Klasik dünyanın bütün önde gelenleri, İslam medeniyetinin bütün taşıyıcıları, Rönesans'ın bütün büyük adamları kendilerini 12-25 yaşları arasında var etmiştir. Hatta bu isimlerin bir kısmı daha o yaşlarında büyük eserler de verebilmişlertir. Neden? Çünkü o zamanlarda hiç kimse 25 yaşından büyük bir insanın bakımını üstlenmiyordu. Söz konusu çağda öyle, "Biraz daha okuyayım neler yapabilirim biraz daha bakınayım," demek mümkün değildi.
Biz bu konuda Yunanlılar kadar şanslı değiliz. Nitekim Yusuf Has Hacip; Oğuz Kağan'dan, Uluğ Türk'ten değil, kendi kurguladığı dört sembolik karakter üzerinden düşüncelerini yazdı. Nizami Gencevi beş mesnevisinin hiçbirinde Türk mitlerinden, Türk kahramanlarından söz açmadı. Demir vücutlu İsfendiyar'dan bahsetti, Temir Boko'nu unuttu. Hüsrev'den bahsetti, Anuşirevan'ı adalet sembolü yaptı. İskender'in adaletini öve öve bitiremedi, Türk hükümdarlarının kutundan, halk karşısındaki sorumluluklarından, yönetim sisteminin taşıdığı demokratik özünden mevzu bahis etmedi. Mevlana Mesnevisinde uzun uzun ahlaki hikayeler anlattı ama Türk ahlakından, Türk marifetinden bahsetmedi. Klasik divan şairlerimiz mevzularını Fars ve Arap İslam kültüründen alarak işlediler. Firdevsi'nin göklere kaldırdığı Rüstem'in kahramanlıklarını daha da ululaştırdılar ama Şuno'dan, Kala-Mambır'dan bahsetmediler. Onları hiç tanımadılar da...

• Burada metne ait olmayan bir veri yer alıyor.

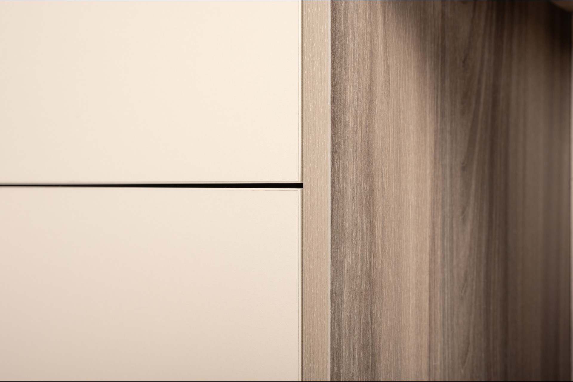 Фасады с механизмом push-to-open, направляющие скрытого монтажа, петли с доводчиками, утолщённая кромка – комфорт продуман до мелочей.

Herkesçe malumdur ki Yunanlıların anlattıkları, inandıkları, dünyanın da seve seve okuduğu mitoslarının yazarı Heseidos ile kör şair Homeros'tur. Yunan mitolojisi bilimden halka, yazıdan söze doğru bir yol kat etmiştir. SÖZDEN KİTABA DEĞİL, KİTAPTAN SÖZE GEÇMİŞTİR. Bugün dünyanın her köşesinde sevile sevile okunan, çizgi filmlerin, macera filmlerinin sevimli kahramanlarına dönüşen Yunan mitosları Ege kıyılarında, Anadolu'da yaşayan Friglerin, Hititlerin, Hurrilerin vb. eski halkların ortak malıdır. Yunanlılar bu mitosları özümleyerek sahiplenmişler ve ortaya Yunan mitolojisi denen yeni bir mitolojik öykü çıkmıştır. Mitosları sözlü kültürde yaşatıp bugün tarih sahnesinde olmayan halklar, onların gerçek sahipleri değillerdir. Bu mitlerin sahipleri, onu yazıya aktarıp sonraki kuşaklara miras bırakanlardır. Homeros'un, Hesiodos'un, Eshil'in ve diğer Yunanlı yazarların tarih karşısında en büyük hizmetleri, bugün var olmayan halkların mitolojik hikayelerini kaleme alarak özümleştirmeleri, Yunanlılara armağan etmeleridir.